72,uc1.31378007786018,391,"[act, age, age, also, also, anaesthesia, anato...",Announcement of the College of Dentistry.,"[(0, 0.9976324)]"
...,...,...,...,...,...
118,uc1.31378004834720,279,"[academic, adjacent, allied, almost, almost, a...",UCSF School of Dentistry bulletin.,"[(1, 0.99253035)]"
119,uc1.31378004834720,294,"[aadsas, aadsas, aadsas, aadsas, aadsas, aadsa...",UCSF School of Dentistry bulletin.,"[(1, 0.9971509)]"
120,uc1.31378004834720,335,"[academic, academicians, access, actively, adm...",UCSF School of Dentistry bulletin.,"[(0, 0.20181063), (1, 0.79818934)]"
114,uc1.31378004834720,228,"[accredited, accredited, addition, additional,...",UCSF School of Dentistry bulletin.,"[(0, 0.017226098), (1, 0.9827739)]"


### Exercise:

* Try changing the number of topics.
* Try building a topic model by document, rather than by page (this is probably way too involved for the workshop, but might be interesting to try later)
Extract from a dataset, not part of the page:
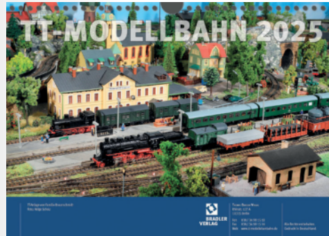
TT-Kalender 2025 TT calendar 2025 (Bradler Verlag)
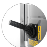
Secoueur de filtre manuel

### Analyzing a single document in the general topic model

Take a look at the results for a single document (you'll need to look up the page number for a document)
for example, you can look up the document for the first record: https://babel.hathitrust.org/cgi/pt?id=uc1.31378007786000&view=1up&seq=9                                            

In [45]:
vol_df.iloc[0]

htid                                          uc1.31378007786000
page_number                                                   18
page_tokens    [albert, alfred, allen, alphabetically, anatom...
title                  Announcement of the College of Dentistry.
topics                                          [(1, 0.9971179)]
Name: 0, dtype: object

In [49]:
vol_df.iloc[0]['page_tokens'][150:160]

['pathology',
 'pathology',
 'pauline',
 'professor',
 'professor',
 'professor',
 'professor',
 'professor',
 'professor',
 'professor']

### Exercise

Try finding a document with a more ambigous categorization. Does the more ambiguous categorization from Gensim match your general intuition about the document?